私たちはごく当たり前に、この大地に立ったり座ったり横になったりしている。誰もが知っているとおり、勝手に宙に浮き上がることはない。重力という力が働いているからだが、それをとくに意識することもなく暮らしている。ごく身近な力であり、それはすでに自明のことのように思えるかもしれない。

しかし、重力にはさまざまな不思議があり、いま重力研究は「第三の黄金時代」を迎えようとしているという。
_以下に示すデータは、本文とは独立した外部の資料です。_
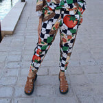 Combine com a camisa da mesma coleção para um conjunto que é pura performance visual — quase uma obra de arte vestível. Ou use com camiseta neutra e tênis para deixar a calça brilhar como protagonista do look.
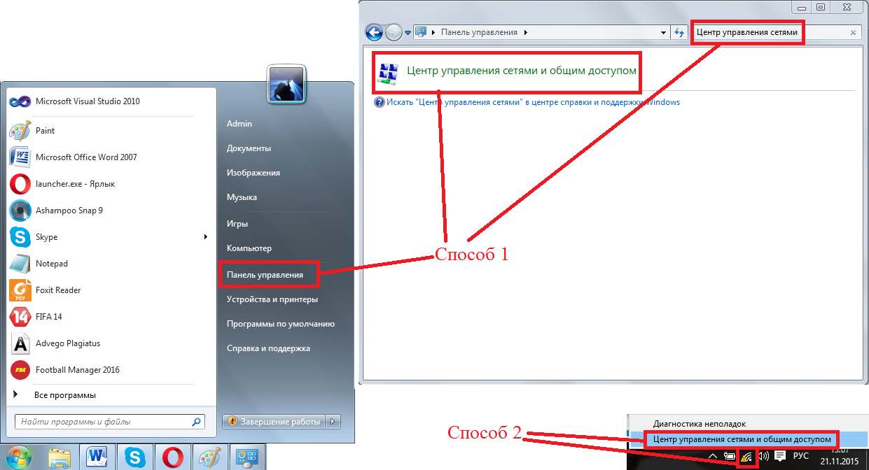 Рис. 1. Использование «Центра управления сетями…» двумя методами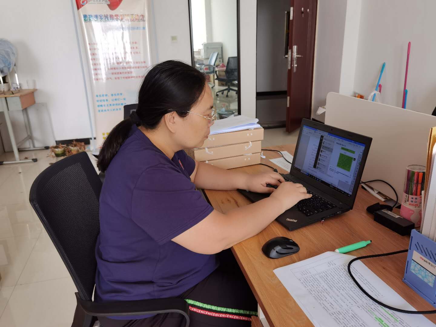 除本部门的创建工作之外,石老师还服从学校安排,协助宣传部检查其他部门材料,在检查过程中积极与被检查部门沟通,尽其所能提供各种帮助,共同圆满完成了学校的文明创建工作。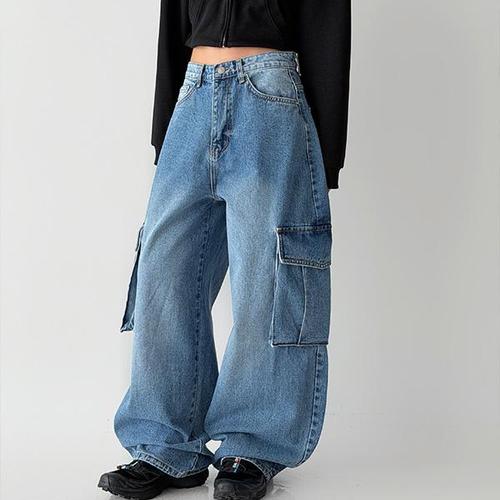 H스타일(JN)1000카고와이드데님팬츠 봄 여성 청바지 데님팬츠 와이드팬츠 건빵 통바지 진 슬랙스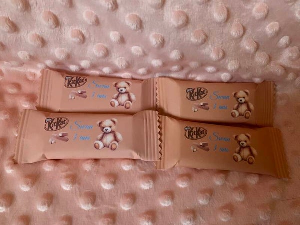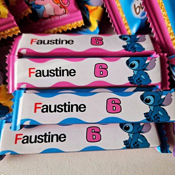 stickers gobelets, étiquettes bouteilles, Smarties, Kinder bueno, kit Kat, M&ms, Kinder country, Kinder maxi, caprisun, sachet de Haribo, chips, mini pot de Nutella, skittles, springles....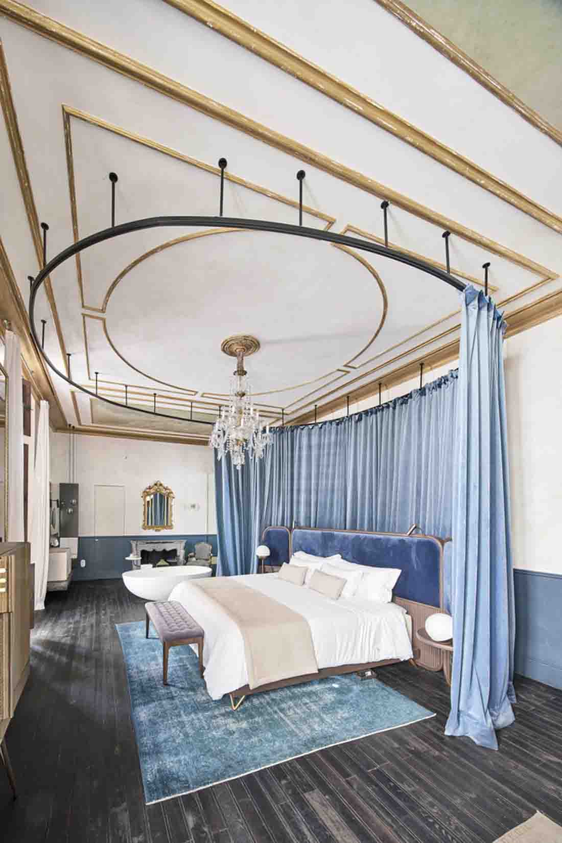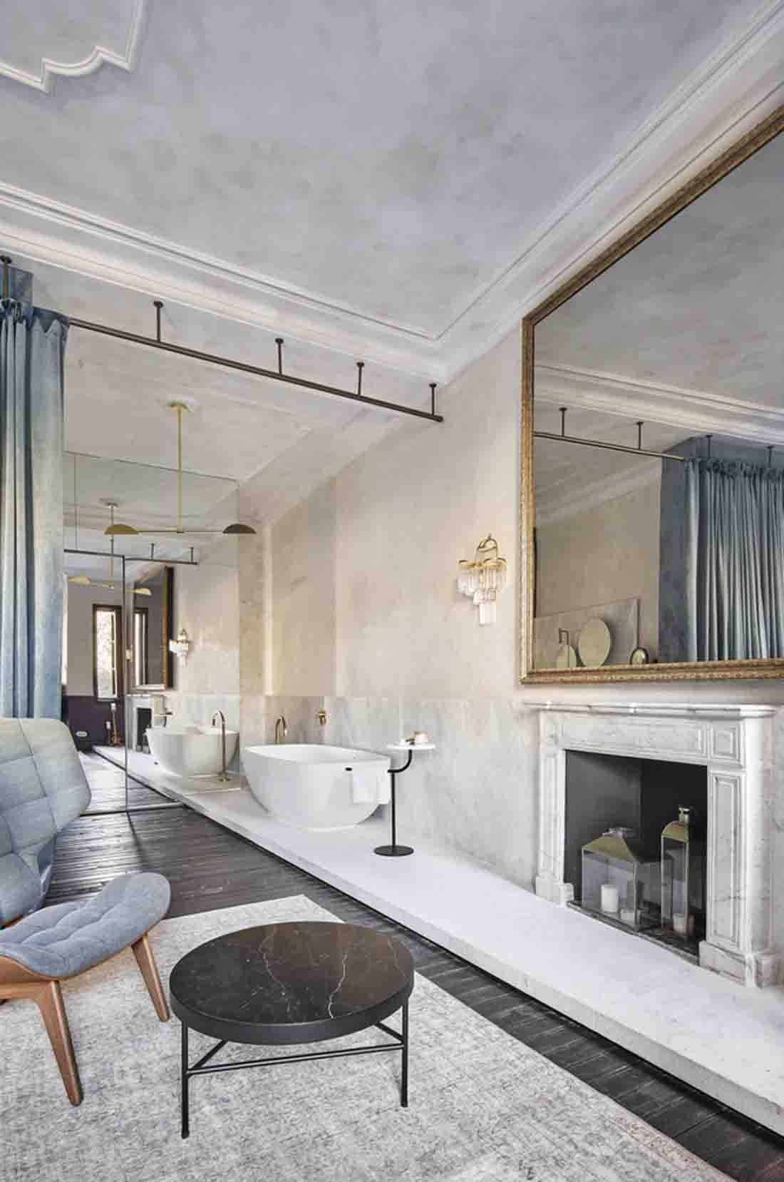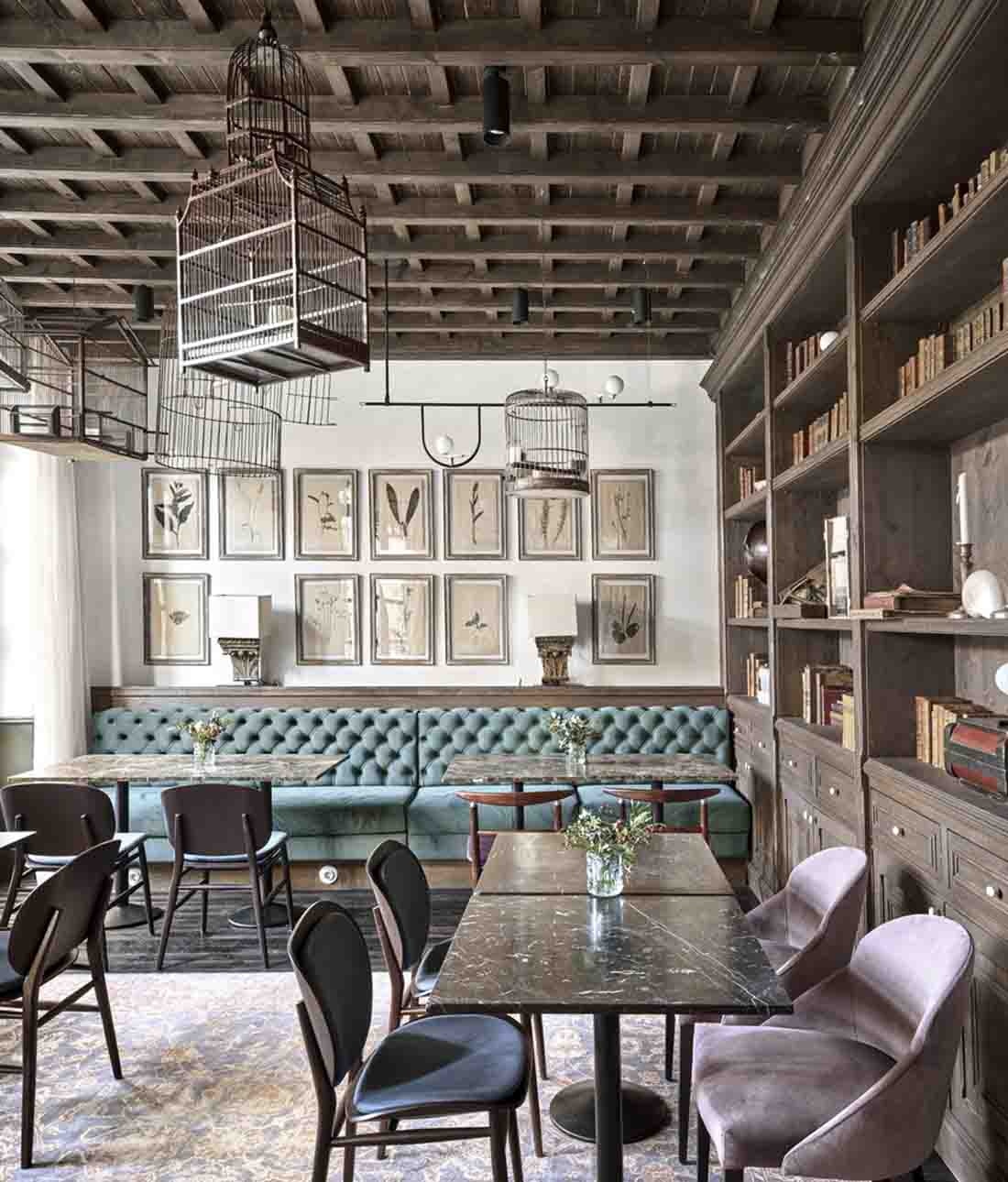 設(shè)計(jì)師旨在喚起比酒店更多的參觀房屋的經(jīng)歷。因此,客戶不是在酒店接待處而是在房子的門廳見面;找到的餐廳而不是餐廳,而是找到了居民用餐室,這些房間和客廳就像您在老房子中找到的那樣。該項(xiàng)目精心保留了建筑物中浪漫的氛圍,并與不同時期的干預(yù)和元素進(jìn)行了有意識的對比。這是對現(xiàn)有百年建筑雜交的尊重,它保留了過去的痕跡,并避免了房屋從未擁有過的輝煌過去的錯誤恢復(fù)。

重力への興味を喚起してくれる良書『重力とは何か』には、つぎのように記されている。

「万有引力の法則と相対論は、いずれも重力の働きに関する画期的な発見でした。そして現在、重力研究はニュートンとアインシュタインの時代に次ぐ、「第三の黄金時代」を迎えようとしています。」(『重力とは何か』/大栗博司/幻冬舎)

重力をテーマにした本の多くは、ニュートンの「万有引力の法則」がまず紹介される。ニュートンによる運動の法則から説き起こされ、万有引力の法則の解説へと進むことが多い。ガリレオ・ガリレイやケプラーなどの話題が織り込まれることもある。

つぎに、アインシュタインの相対性理論(相対論)が取り上げられる。相対性理論には、「特殊相対性理論」と「一般相対性理論」がある。アインシュタインは、特殊相対性理論を構築し、それを一般相対性理論へと拡張した。そのため、特殊相対性理論、一般相対性理論の流れで説明されるのが定番だ。この「一般相対性理論」がアインシュタインの重力理論。

そして現在、一般相対性理論(重力理論)と量子力学を融合する理論の構築が進められている。この融合した理論は「量子重力理論」という総称で呼ばれている。私たち一般によく紹介される量子重力理論が、「超弦理論(超ひも理論)」や「ループ量子重力理論」。

一般相対性理論と量子力学の融合は難しいそうで、現時点で量子重力理論は完成していないという。活発に研究が進められており、その活気は上に引用した通り、同分野の専門家によって「第三の黄金時代」と表現されている。量子重力理論の解説にどこまで踏み込むかは、本によって異なる。

量子重力理論の話題に触れるためには、量子力学も紹介する必要があることから、重力をテーマにした本でも量子力学のエッセンスを解説することが多い。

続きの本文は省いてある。